**** RECORDS FOR THIS TASK ****

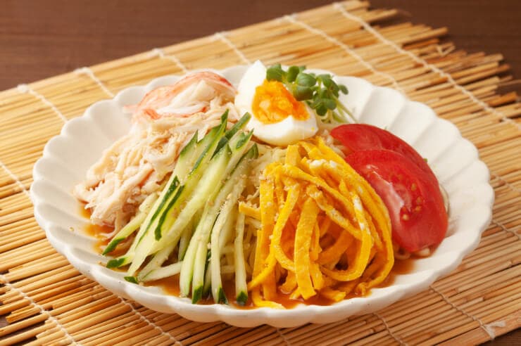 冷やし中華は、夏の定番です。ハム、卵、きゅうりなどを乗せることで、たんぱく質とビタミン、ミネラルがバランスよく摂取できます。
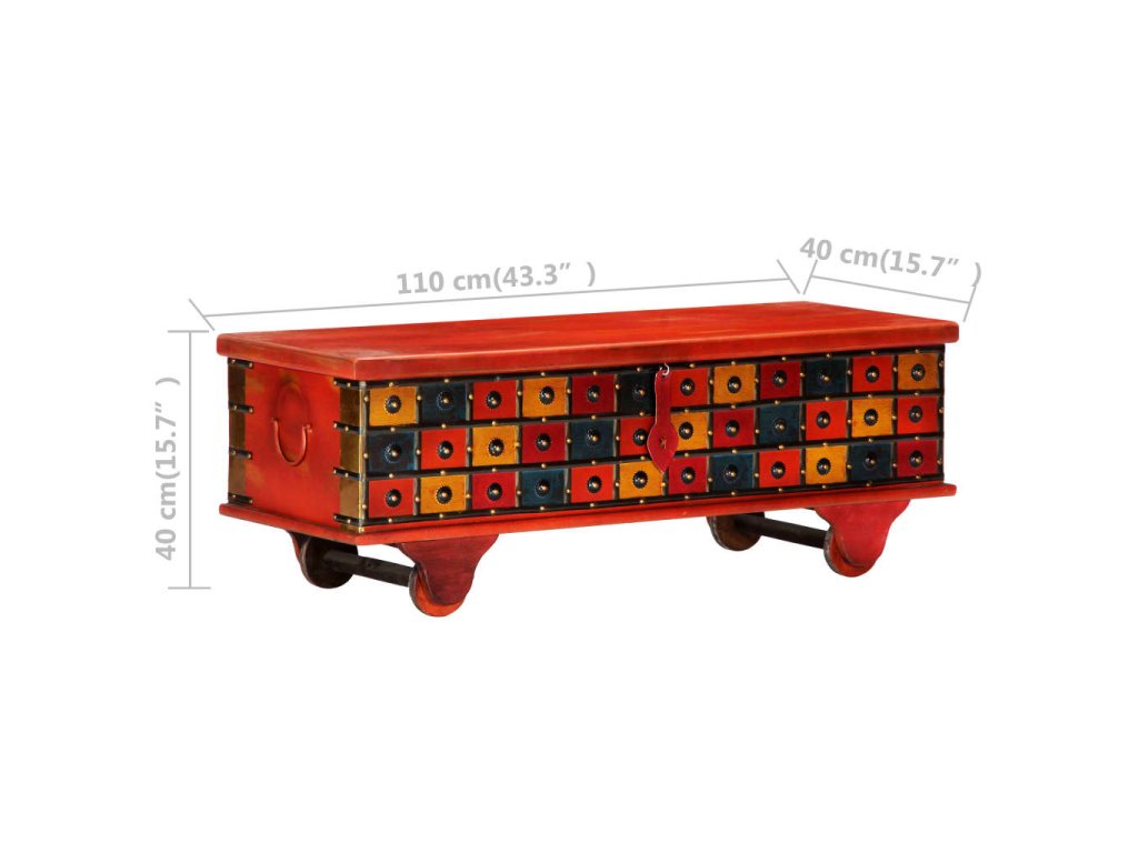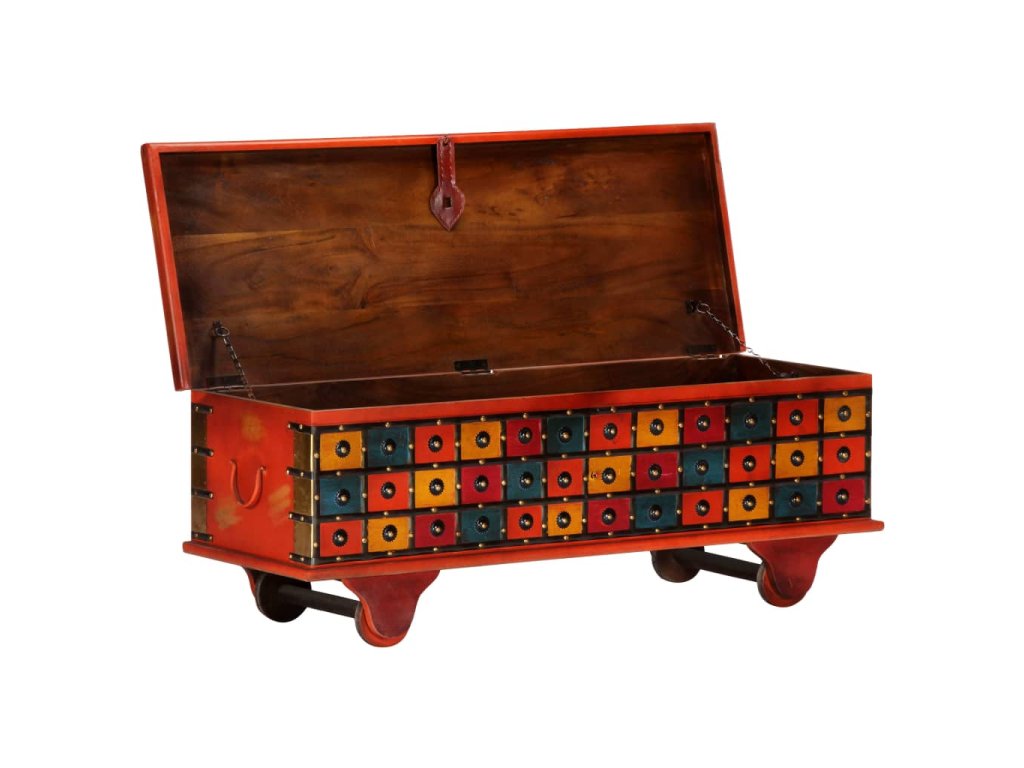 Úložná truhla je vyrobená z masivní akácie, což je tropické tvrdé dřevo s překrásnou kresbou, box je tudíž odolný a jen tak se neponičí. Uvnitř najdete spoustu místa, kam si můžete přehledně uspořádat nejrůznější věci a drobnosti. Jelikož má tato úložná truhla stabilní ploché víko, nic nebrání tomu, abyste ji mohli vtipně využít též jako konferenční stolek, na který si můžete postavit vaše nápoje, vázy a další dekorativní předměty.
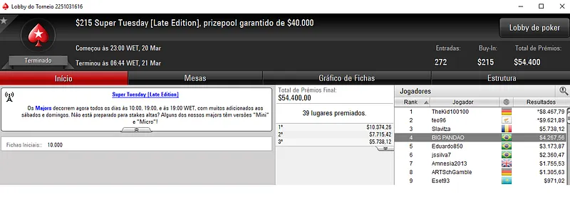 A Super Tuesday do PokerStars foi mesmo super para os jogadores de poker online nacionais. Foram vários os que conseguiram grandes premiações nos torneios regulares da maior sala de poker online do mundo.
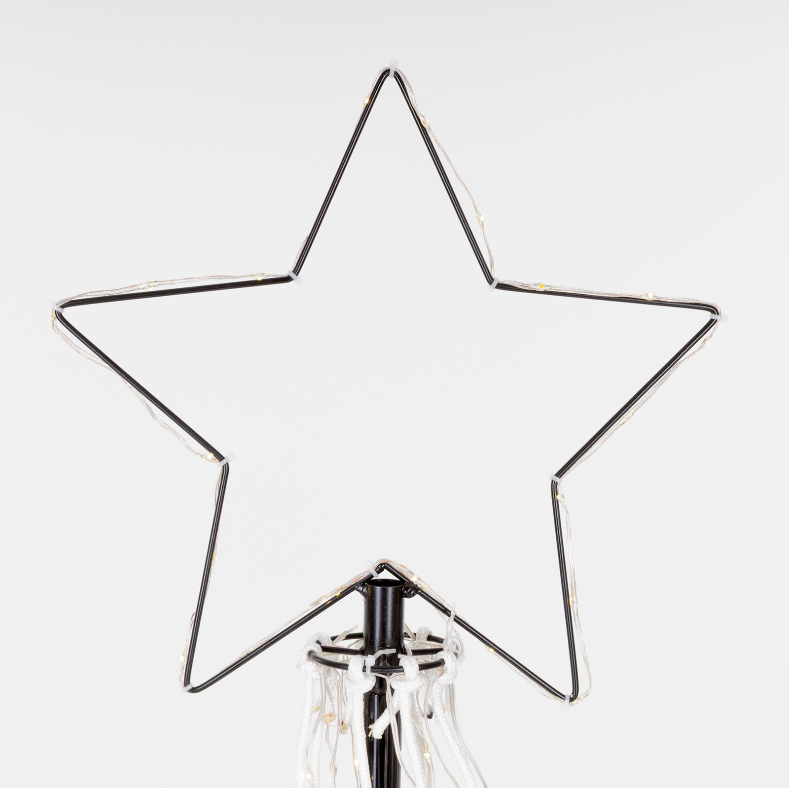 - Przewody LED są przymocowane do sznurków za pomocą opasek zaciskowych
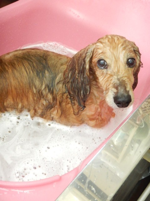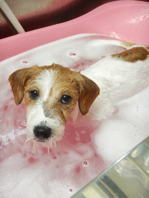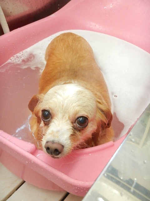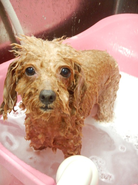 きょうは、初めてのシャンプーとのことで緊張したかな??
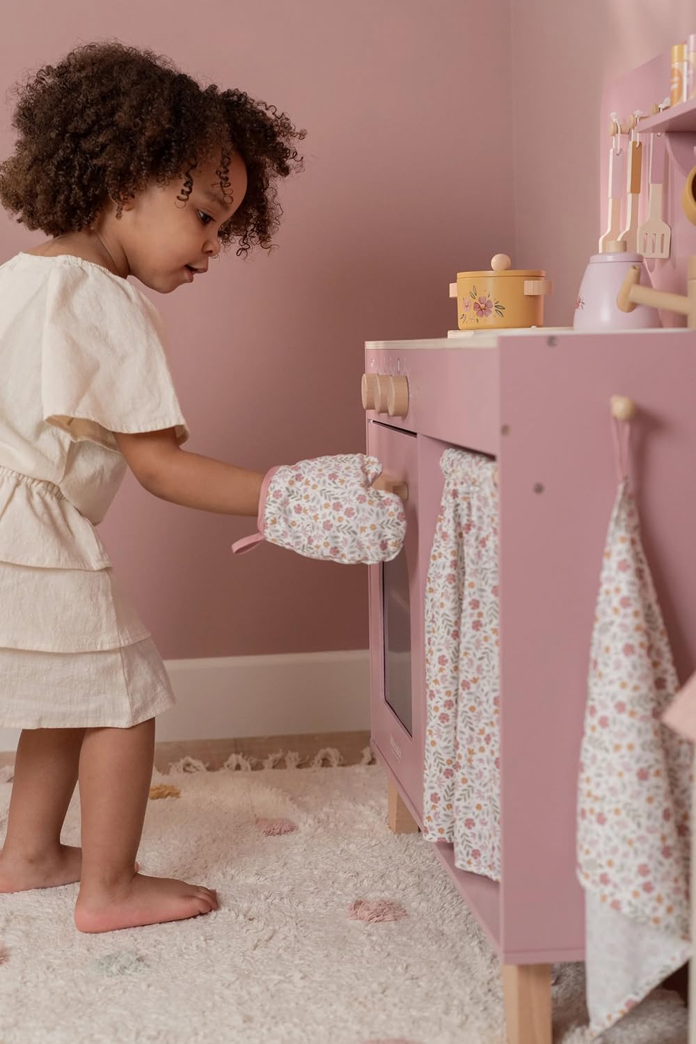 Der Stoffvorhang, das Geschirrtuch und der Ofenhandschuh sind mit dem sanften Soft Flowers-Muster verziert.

****
**** RECORDS FOR THIS TASK ****

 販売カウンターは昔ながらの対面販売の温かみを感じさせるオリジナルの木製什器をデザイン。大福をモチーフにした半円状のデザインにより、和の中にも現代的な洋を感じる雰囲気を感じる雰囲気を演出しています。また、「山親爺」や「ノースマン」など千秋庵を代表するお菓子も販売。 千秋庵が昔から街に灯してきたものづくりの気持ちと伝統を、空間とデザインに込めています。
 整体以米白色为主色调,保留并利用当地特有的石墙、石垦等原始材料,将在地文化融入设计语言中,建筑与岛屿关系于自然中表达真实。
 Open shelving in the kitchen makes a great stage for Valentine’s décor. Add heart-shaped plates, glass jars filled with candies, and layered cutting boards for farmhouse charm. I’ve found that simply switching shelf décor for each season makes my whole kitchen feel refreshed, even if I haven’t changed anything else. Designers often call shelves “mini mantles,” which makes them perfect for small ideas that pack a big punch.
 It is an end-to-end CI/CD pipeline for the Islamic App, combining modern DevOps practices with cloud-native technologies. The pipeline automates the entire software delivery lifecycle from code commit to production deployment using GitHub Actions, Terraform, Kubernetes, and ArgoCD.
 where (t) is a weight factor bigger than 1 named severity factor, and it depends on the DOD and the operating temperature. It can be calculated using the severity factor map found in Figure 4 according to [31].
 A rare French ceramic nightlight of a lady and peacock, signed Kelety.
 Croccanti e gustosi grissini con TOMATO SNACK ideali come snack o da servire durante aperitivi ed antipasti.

****

### PROMPT
Starting at the line above that holds "It is an end-to-end" and ending at the line that holds "Croccanti e gustosi", transcribe each line exactly and include no other lines.

### YOUR RESPONSE
 It is an end-to-end CI/CD pipeline for the Islamic App, combining modern DevOps practices with cloud-native technologies. The pipeline automates the entire software delivery lifecycle from code commit to production deployment using GitHub Actions, Terraform, Kubernetes, and ArgoCD.
 where (t) is a weight factor bigger than 1 named severity factor, and it depends on the DOD and the operating temperature. It can be calculated using the severity factor map found in Figure 4 according to [31].
 A rare French ceramic nightlight of a lady and peacock, signed Kelety.
 Croccanti e gustosi grissini con TOMATO SNACK ideali come snack o da servire durante aperitivi ed antipasti.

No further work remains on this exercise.